TASK DETAILS: Below, some lines carry pictures; leave those pictures out and retype exactly the lines from the one with "敞開式廚房增加了更多互動的場" through the one with "图为招就部微信公众号发布的《米乐mile官方网站致2020届毕业生的一封信》".

EXERCISE INPUT:
· · · ·

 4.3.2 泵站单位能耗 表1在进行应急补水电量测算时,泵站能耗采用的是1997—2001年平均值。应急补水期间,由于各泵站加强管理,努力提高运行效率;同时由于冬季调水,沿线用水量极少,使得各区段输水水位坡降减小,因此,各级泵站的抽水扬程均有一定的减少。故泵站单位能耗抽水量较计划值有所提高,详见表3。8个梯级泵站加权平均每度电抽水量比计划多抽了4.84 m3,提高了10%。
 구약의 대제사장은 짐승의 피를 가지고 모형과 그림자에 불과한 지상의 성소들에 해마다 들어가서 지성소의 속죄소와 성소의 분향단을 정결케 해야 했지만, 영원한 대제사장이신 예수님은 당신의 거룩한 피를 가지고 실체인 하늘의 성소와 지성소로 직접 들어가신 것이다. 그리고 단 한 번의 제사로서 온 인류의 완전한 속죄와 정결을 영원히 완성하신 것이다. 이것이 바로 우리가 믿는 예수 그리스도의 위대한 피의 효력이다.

· · · ·

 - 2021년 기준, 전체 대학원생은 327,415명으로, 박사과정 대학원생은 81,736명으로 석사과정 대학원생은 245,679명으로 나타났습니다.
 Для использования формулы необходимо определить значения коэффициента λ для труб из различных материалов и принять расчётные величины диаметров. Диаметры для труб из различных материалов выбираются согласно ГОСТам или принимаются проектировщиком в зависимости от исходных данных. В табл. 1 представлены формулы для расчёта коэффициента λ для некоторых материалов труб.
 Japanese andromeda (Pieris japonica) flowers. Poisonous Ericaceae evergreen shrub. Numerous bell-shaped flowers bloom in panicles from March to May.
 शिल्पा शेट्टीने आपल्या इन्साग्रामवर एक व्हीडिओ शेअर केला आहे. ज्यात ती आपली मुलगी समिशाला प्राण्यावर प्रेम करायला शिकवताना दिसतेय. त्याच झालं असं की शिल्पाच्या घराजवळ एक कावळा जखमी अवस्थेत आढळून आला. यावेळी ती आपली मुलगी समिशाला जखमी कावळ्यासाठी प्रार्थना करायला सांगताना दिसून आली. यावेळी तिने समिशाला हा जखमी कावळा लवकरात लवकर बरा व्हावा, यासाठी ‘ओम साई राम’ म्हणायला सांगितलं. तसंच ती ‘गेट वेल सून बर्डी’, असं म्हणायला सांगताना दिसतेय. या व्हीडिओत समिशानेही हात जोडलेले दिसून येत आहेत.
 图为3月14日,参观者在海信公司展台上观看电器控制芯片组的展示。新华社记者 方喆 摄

· · · ·

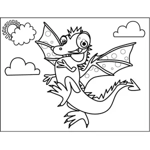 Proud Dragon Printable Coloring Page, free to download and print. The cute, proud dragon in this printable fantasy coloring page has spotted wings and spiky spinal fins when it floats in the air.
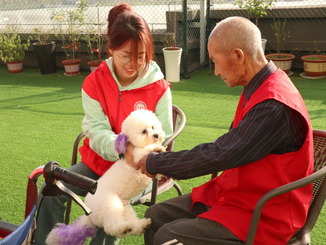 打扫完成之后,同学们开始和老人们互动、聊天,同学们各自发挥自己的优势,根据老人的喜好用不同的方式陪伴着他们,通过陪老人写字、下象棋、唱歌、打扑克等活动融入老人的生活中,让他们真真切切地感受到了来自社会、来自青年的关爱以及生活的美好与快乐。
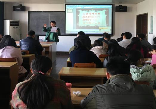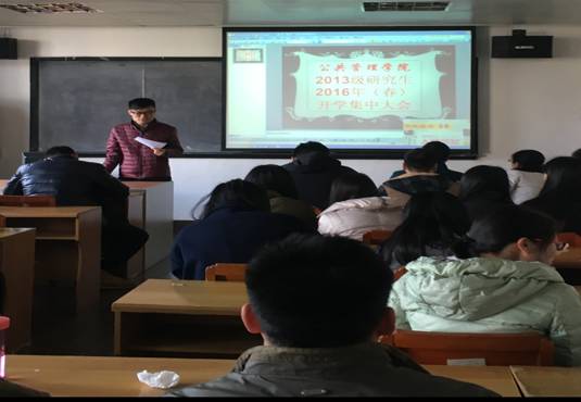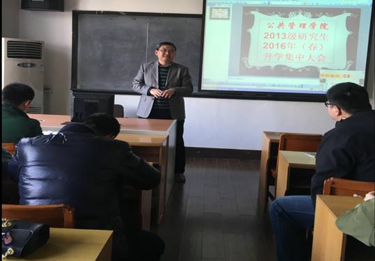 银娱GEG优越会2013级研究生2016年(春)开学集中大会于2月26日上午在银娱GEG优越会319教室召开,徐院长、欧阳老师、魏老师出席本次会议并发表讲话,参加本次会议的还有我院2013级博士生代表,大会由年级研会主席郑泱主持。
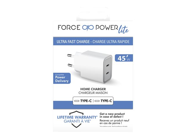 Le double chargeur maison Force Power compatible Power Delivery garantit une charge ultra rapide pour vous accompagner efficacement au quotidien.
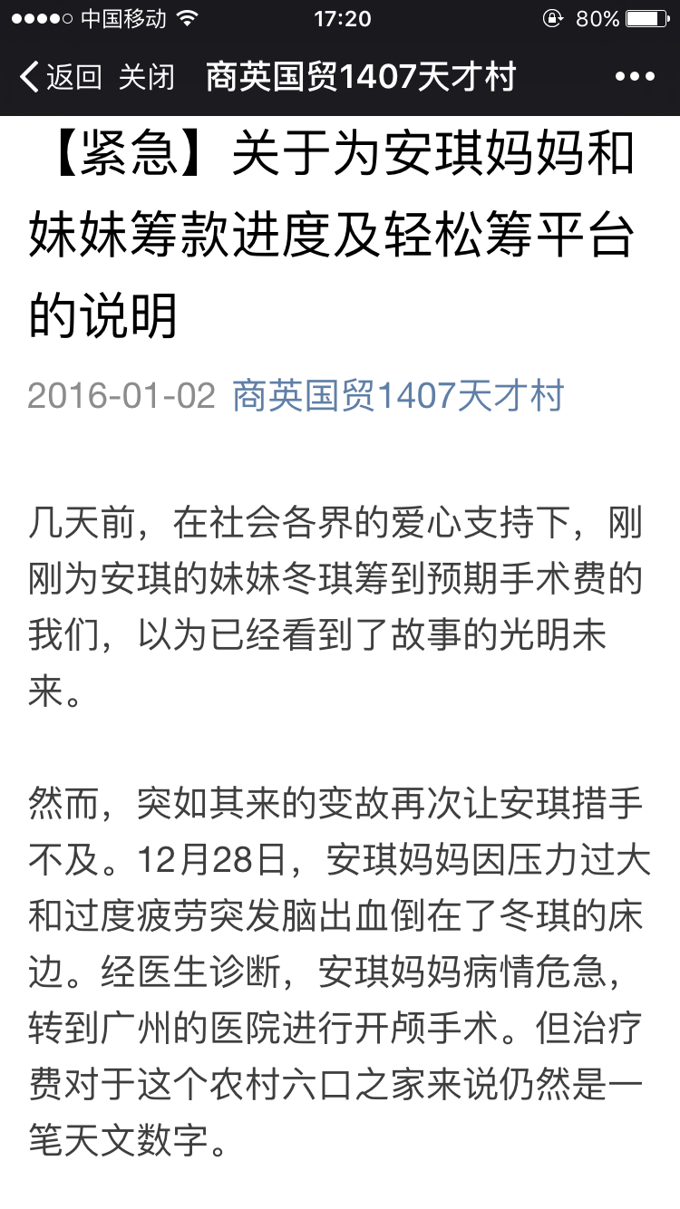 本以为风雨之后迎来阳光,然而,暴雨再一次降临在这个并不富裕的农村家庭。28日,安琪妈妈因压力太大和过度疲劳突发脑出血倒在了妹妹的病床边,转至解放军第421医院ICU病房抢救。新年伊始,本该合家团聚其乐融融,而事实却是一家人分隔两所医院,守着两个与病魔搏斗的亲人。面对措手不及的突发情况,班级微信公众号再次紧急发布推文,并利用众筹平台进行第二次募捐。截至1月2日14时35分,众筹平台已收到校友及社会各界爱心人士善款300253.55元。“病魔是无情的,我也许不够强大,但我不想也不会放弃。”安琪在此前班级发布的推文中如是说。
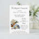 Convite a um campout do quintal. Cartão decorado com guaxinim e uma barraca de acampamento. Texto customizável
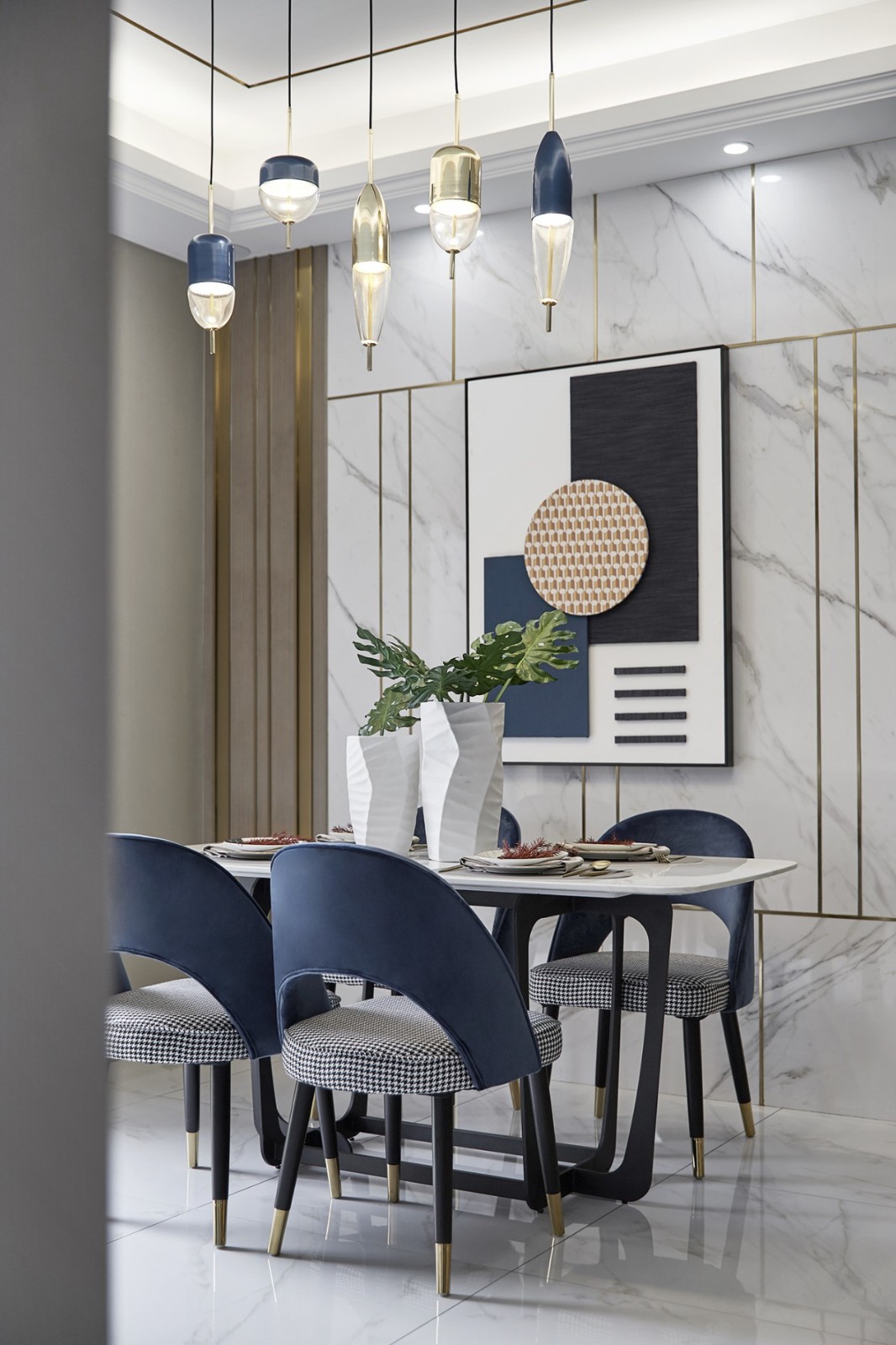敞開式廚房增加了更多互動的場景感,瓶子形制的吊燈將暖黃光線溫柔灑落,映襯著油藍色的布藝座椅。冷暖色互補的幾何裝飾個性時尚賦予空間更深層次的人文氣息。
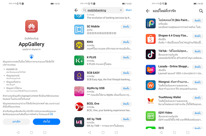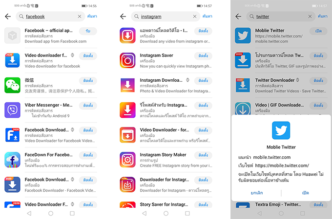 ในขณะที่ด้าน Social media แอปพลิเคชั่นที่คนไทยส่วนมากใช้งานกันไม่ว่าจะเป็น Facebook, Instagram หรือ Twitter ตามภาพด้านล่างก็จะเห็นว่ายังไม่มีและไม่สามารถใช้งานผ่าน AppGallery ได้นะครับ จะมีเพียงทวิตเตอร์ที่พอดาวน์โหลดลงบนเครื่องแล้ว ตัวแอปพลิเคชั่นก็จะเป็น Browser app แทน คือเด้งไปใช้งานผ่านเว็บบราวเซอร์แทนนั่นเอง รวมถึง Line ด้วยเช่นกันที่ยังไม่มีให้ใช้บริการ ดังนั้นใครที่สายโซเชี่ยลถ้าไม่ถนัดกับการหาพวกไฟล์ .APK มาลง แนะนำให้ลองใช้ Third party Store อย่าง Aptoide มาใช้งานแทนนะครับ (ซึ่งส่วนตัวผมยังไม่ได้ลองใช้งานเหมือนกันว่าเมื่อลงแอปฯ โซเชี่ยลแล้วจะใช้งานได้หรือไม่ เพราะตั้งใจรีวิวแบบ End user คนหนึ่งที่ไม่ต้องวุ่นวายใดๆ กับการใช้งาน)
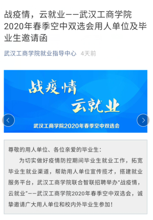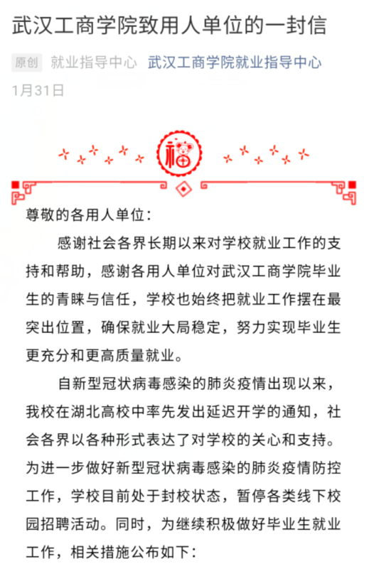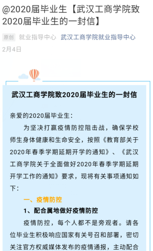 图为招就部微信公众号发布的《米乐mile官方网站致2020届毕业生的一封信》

· · · ·

REPLY TO THE EXERCISE:
敞開式廚房增加了更多互動的場景感,瓶子形制的吊燈將暖黃光線溫柔灑落,映襯著油藍色的布藝座椅。冷暖色互補的幾何裝飾個性時尚賦予空間更深層次的人文氣息。
 ในขณะที่ด้าน Social media แอปพลิเคชั่นที่คนไทยส่วนมากใช้งานกันไม่ว่าจะเป็น Facebook, Instagram หรือ Twitter ตามภาพด้านล่างก็จะเห็นว่ายังไม่มีและไม่สามารถใช้งานผ่าน AppGallery ได้นะครับ จะมีเพียงทวิตเตอร์ที่พอดาวน์โหลดลงบนเครื่องแล้ว ตัวแอปพลิเคชั่นก็จะเป็น Browser app แทน คือเด้งไปใช้งานผ่านเว็บบราวเซอร์แทนนั่นเอง รวมถึง Line ด้วยเช่นกันที่ยังไม่มีให้ใช้บริการ ดังนั้นใครที่สายโซเชี่ยลถ้าไม่ถนัดกับการหาพวกไฟล์ .APK มาลง แนะนำให้ลองใช้ Third party Store อย่าง Aptoide มาใช้งานแทนนะครับ (ซึ่งส่วนตัวผมยังไม่ได้ลองใช้งานเหมือนกันว่าเมื่อลงแอปฯ โซเชี่ยลแล้วจะใช้งานได้หรือไม่ เพราะตั้งใจรีวิวแบบ End user คนหนึ่งที่ไม่ต้องวุ่นวายใดๆ กับการใช้งาน)
 图为招就部微信公众号发布的《米乐mile官方网站致2020届毕业生的一封信》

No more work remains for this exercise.